Trevor Rogers says his efforts to interest Kiwi corporates in the project have failed, except for support from Air New Zealand, while overseas companies are clamouring to be included.

A board member of the Unmanned Vehicle Systems International, Mr Rogers left last week to attend a UVSI meeting in Paris.

He expects to be wined and dined by executives from foreign companies interested in the project.

The engineer and former National MP owns the East Tamaki-based company TGR Helicopters, which makes aircraft and develops avionics for military and civilian use, including Bandit, Snark and Wolverine helicopters.

He says several months ago Emirates Team New Zealand managing director Grant Dalton told him, 'don't waste your time looking for backing in this country'.

"Grant told me to look overseas and events have proved him right - New Zealand may have many individuals who can innovate but there's also a huge clobbering machine here.

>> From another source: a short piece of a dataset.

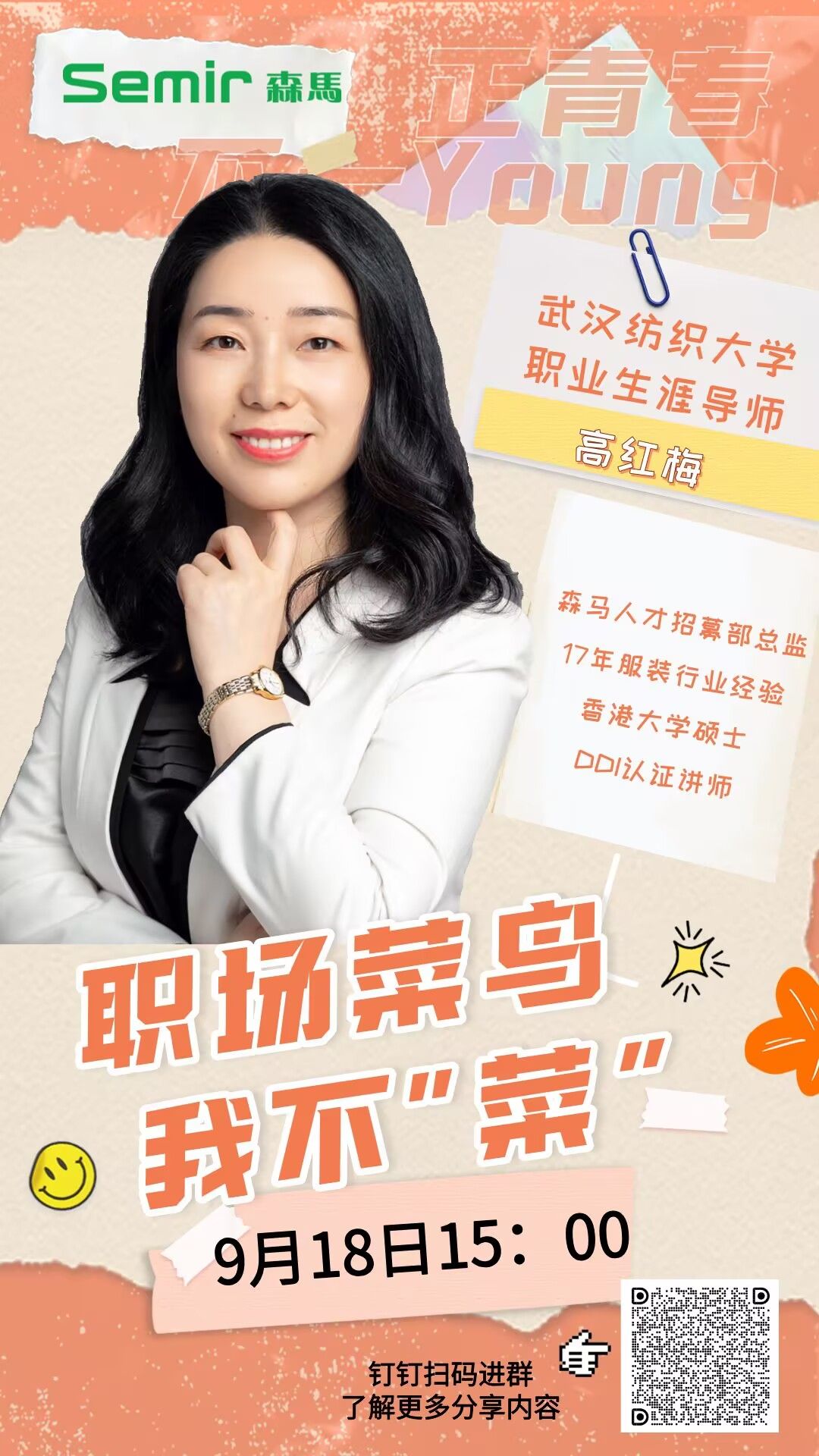 9月19日在线上举行企业高管报告会,讲述大学生职业生涯规划和就业指导。本次活动特邀国内知名服装品牌森马人才招募部总监高红梅,为大四毕业生带来了一场主题为“职场菜鸟我不菜”的职业生涯课。此次活动旨在帮助学生更好地理解行业趋势,明确职业目标,规划未来发展方向,百合小说

"I've ignored it most of my career but it's starting to grate. Some of the corporates we approached here didn't even have the decency to return calls."

Aviation Industry Association of New Zealand chief executive Irene King says his experience is typical of current difficulties in the research and development sector.

"Trevor is an inspirational figure in the aviation industry, who does not seem to have the word 'can't' in his vocabulary," says Ms King.

"When he flies to the top of Everest some marketers here may have to answer why they passed up the opportunity to be involved."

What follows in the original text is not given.